Мужчина в блестящем синем пиджаке приобнимал Миреллу за плечи. Винсент ужасно хотелось, чтобы Мирелла ее заметила, и в то же время ее тянуло сбежать. Она трижды пыталась до нее дозвониться – сначала в день, когда арестовали Джонатана, потом еще два раза, когда узнала о смерти Файзаля. Каждый раз она попадала на автоответчик.
– Все нормально? – спросил Нед.
– Да-да, – ответила Винсент. – Ты не против, если я отойду на пять минут?
– Нет, конечно, иди.
Винсент выскользнула на улицу через дверь на кухне и немного прошлась. Казалось, всего за одну ночь неожиданно зацвели вишневые деревья, и теперь цветы сияли в темноте, будто множество огоньков на ветках. Но бесконечно курить одну сигарету невозможно, и когда она вернулась в бар, Мирелла с одной из подруг отделилась от компании и подошла к стойке. Мирелла была вправе высказать ей все, что думала, любые обвинения и проклятия, какие только были у нее на уме последние два года, и Винсент ответила бы, что ей невыразимо жаль, что если бы она хоть о чем-то знала – или по крайней мере подозревала, – то, разумеется, немедленно рассказала бы Мирелле и сама позвонила в ФБР. Я не знала, хотелось ей сказать Мирелле, я ничего не знала, но мне очень, очень жаль. И тогда они могли бы разойтись с миром, и хоть не полностью, но снять груз с души.
– Здравствуйте, – сказала Мирелла, вежливо улыбаясь Винсент, – у вас есть закуски?
– О, отличная идея, – добавила ее подруга. На вид она была ровесницей Винсент и Миреллы, лет тридцати с небольшим или около того, с ослепительно-белыми крашеными волосами и стрижкой боб в стиле флапперов[6] 1920-х.
– Закуски, – повторила Винсент. – Да-да, ореховая смесь или сухарики?
– Ореховая смесь! – воскликнула флаппер. – Господи, это как раз то, что нужно. Мартини невыносимо сладкий.

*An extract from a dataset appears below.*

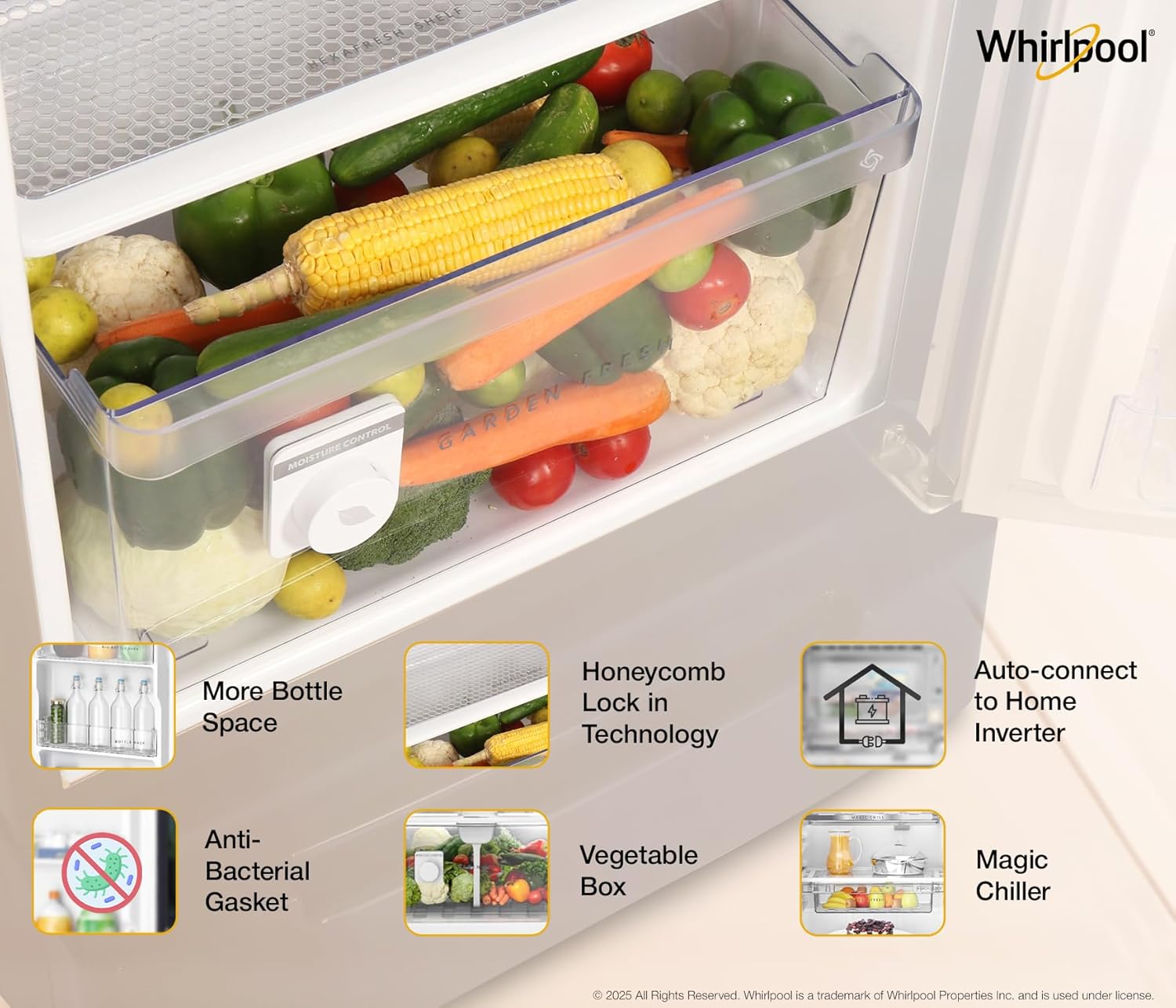 Vegetable Crisper with Honey Comb Moisture Lock-in Technology maintains optimum moisture in your vegetables and keeps them fresher for longer.

– А хотя можно нам и то и другое? – спросила Мирелла, пока на нее неотрывно смотрела Винсент.
– Конечно. Ореховая смесь и сухарики, сейчас мы вам все принесем. – Она будто бы оказалась во сне.
– Я уже сто лет не ела ореховую смесь, – поведала Винсент девушка-флаппер.
– Что ж, ты многое потеряла, – откликнулась Мирелла.
Винсент чувствовала себя так странно, словно наблюдала за своими действиями со стороны. Она видела, как ее руки насыпали ореховую смесь и сухарики в маленькие стальные миски. Мне приснилось, как ты пришла ко мне в бар и не узнала меня. Она осторожно поставила миски на барную стойку перед своей некогда лучшей подругой, та сказала «спасибо», не глядя на Винсент, и вернулась к разговору.
– У Нью-Йорка есть одна особенность, – сказала подруга Миреллы, когда Винсент отвернулась, – все отсюда уезжают. Я думала, хоть меня это не коснется.
– Все думают про себя, что их это не коснется.
– Наверное, ты права. Просто мои друзья начали переезжать еще десять лет назад – в Атланту, Миннеаполис или еще куда-нибудь, а я думала, что уж я-то останусь и добьюсь успеха.
– Но ведь в Милуоки у тебя лучше с работой?
– Там бы я могла себе позволить огромную квартиру, – ответила флаппер. – Или даже целый дом. Не знаю, просто так банально жить в Нью-Йорке лет до тридцати, а потом уехать.
– Да, но на то есть причины, – возразила Мирелла. – Тебе никогда не казалось, что где угодно жить было бы проще, чем здесь?
Посмотри на меня, думала Винсент, обрати на меня внимание, скажи вслух мое имя, но Мирелла совершенно не замечала ее, как будто они были незнакомы.
– Извините, – обратилась к ней Мирелла.
Винсент сняла очки и обернулась.
– Мирелла, – сказала она.
– Можно мне еще коктейль? – Она будто не слышала, что ее назвали по имени.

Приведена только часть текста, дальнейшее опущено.